Dejo el juego de las profecías y tomo en serio lo dicho por Simone Weil: “La oposición entre porvenir y pasado es absurda. El porvenir no nos aporta nada, no nos da nada; nos toca a nosotros darle todo, para construirlo”. Así que hablo del pasado: el año 2019 cerró con máximos de emisiones de CO2 y altas temperaturas, dejando en el limbo los sueños del Acuerdo de París. Desde 1990, el CO2, vinculado a los combustibles fósiles tan caros a nuestro gobierno, ha crecido un 60%. La deforestación y los incendios, agrícolas o no, contribuyen al fenómeno y se han incrementado el año pasado: recuerden Amazonia, Australia, el Sureste asiático y nuestra América Latina toda, pero también Estados Unidos y Canadá, cuyos bosques son afectados por el recalentamiento. El resultado es que, según la Organización Meteorológica Mundial, la concentración de CO2 es la más alta desde hace tres millones de años.

La Amazonia ha sufrido el año pasado la mayor destrucción de los últimos diez años, con un aumento del 30% de la superficie arrasada; la meta de reducción de la deforestación está bien olvidada. Mientras tanto, “Australia comete un suicidio climático”, escribe Richard Flanagan, en el New York Times del 4 de enero, bajo la conducción de un gobierno negacionista al estilo Donald Trump. Australia es un gran productor y exportador de carbón: le hemos comprado para nuestras centrales térmicas. Nuestro gobierno ni se toma la pena de negar el cambio climático, no le importa, basta ver su política energética.

En diciembre del año pasado, un encuentro internacional en las Naciones Unidas intentó definir una estrategia para lograr, en 2050, cero emisiones de dióxido de carbono. Bien dijo el secretario general de la ONU: “El punto de no regreso ya no se encuentra en el horizonte. Está a la vista y se acerca rápidamente”. En amplias regiones tropicales, el recalentamiento arruina a pescadores, agricultores y ganaderos, obligando a millones de personas a emigrar.

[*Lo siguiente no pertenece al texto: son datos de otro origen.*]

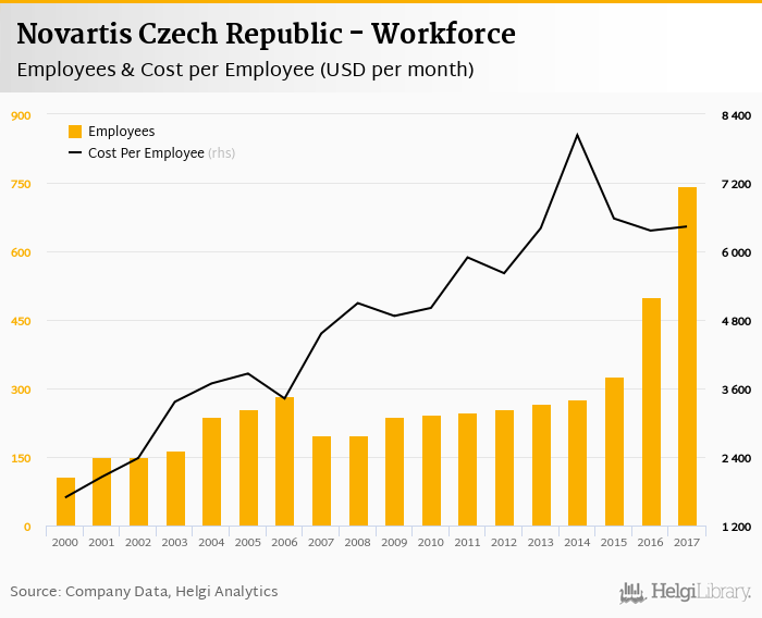 Novartis Czech Republic employed 743 employees in 2017, up 48.3% compared to the previous year. Historically, between 2000 and 2017, the firm's workforce hit a high of 743 employees in 2017 and a low of 108 employees in 2000.
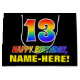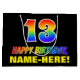Este design de presente de aniversário divertido, colorido e alegre apresenta um grande número "13" e a mensagem "FELIZ ANIVERSÁRIO", ambos coloridos com um padrão inspirado no gradiente do espectro do arco-íris, juntamente com um nome de destinatário editável amarelo ousado. O fundo é preto colorido. Um presente de aniversário divertido como este pode ser usado para embrulhar um presente ou presente dado a alguém que comemora seu décimo terceiro aniversário. [~Z0000477]

El informe 2019 del Intergovernmental Science-Policy Platform on Biodiversity and Ecosystem Services contabiliza un millón de especies amenazadas en desaparición, 87% de los humedales perdidos desde el siglo XVIII (¿Y nuestros manglares? Muy bien, gracias.) Cien millones de hectáreas de selva tropical aniquiladas entre 1980 y 2000, y quién sabe cuántas entre 2000 y 2019. Los periódicos nos señalan, de vez en cuando, el pésimo estado de salud de la biodiversidad, pero tardamos en tomar conciencia de la dimensión del fenómeno. Quizá porque hablamos solo del cambio climático y del recalentamiento en relación con la sola humanidad: que si se van a inundar nuestras ciudades marítimas, qué tanto va a subir el nivel de los océanos, crecer los desiertos y, en consecuencia, las grandes migraciones humanas. Ya empezaron las migraciones de los otros seres vivos, plantas, animales, pájaros, insectos, microorganismos.

Ahora bien, si las políticas públicas de algunos países –no el nuestro, tampoco el de EU– se enfocan hacia el cambio climático, han olvidado casi siempre el tema de la amenazada biodiversidad. La comunidad científica internacional, con toda razón, relaciona los dos fenómenos que deben tratarse a nivel mundial. Todo está ligado. Si el cambio climático es, en parte, responsable de la degradación de la biodiversidad, es también consecuencia de ella: deterioración, cuando no desaparición de los bosques y de las aguas, degradación de los suelos y erosión. Políticas de protección de la biodiversidad podrían limitar las emisiones de CO2, si uno piensa que los árboles, la pradera, los humedales retiran carbono de la atmósfera.

Un solo dato que me impresiona mucho: el valor mundial de la polinización efectuada por los insectos está estimada en 153 mil millones de dólares al año (la cifra es de 2009). Ni quiero pensar en las consecuencias de la disminución drástica de las poblaciones de insectos, aves, murciélagos que trabajan para nuestra alimentación. El costo económico de las agresiones a la biodiversidad es posiblemente tan alto como el costo del cambio climático.